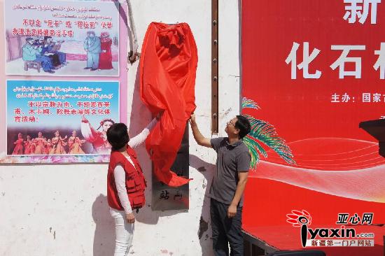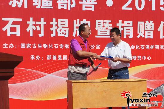 亚心网讯(文/图 记者 刘芳) 9月16日,新疆鄯善七克台镇南湖村化石保护站揭牌,来自国土资源部地环司、国家古生物化石保护专家委员会办公室及全国12个省市的古生物化石保护专家、学者、近百余人在七克台镇南湖村共同见证了化石村保护站的揭牌。
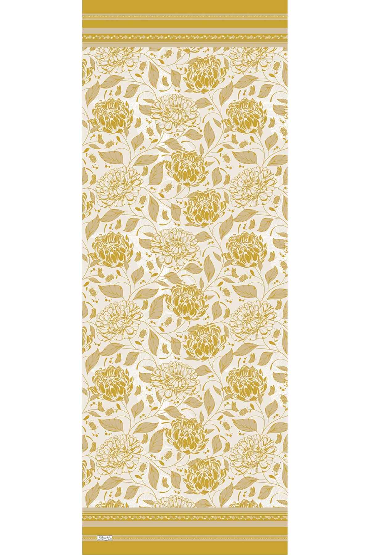 • Mimelif Floral Pamuk Vual Desenli Şal  Hardal
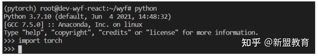 首先输入:python 然后在输入:import torch:

----------------------------------------

(Assigned task)
The entire listing above is to be copied exactly, with all pictures omitted.

(Solution for this problem)
 亚心网讯(文/图 记者 刘芳) 9月16日,新疆鄯善七克台镇南湖村化石保护站揭牌,来自国土资源部地环司、国家古生物化石保护专家委员会办公室及全国12个省市的古生物化石保护专家、学者、近百余人在七克台镇南湖村共同见证了化石村保护站的揭牌。
 • Mimelif Floral Pamuk Vual Desenli Şal  Hardal
 首先输入:python 然后在输入:import torch:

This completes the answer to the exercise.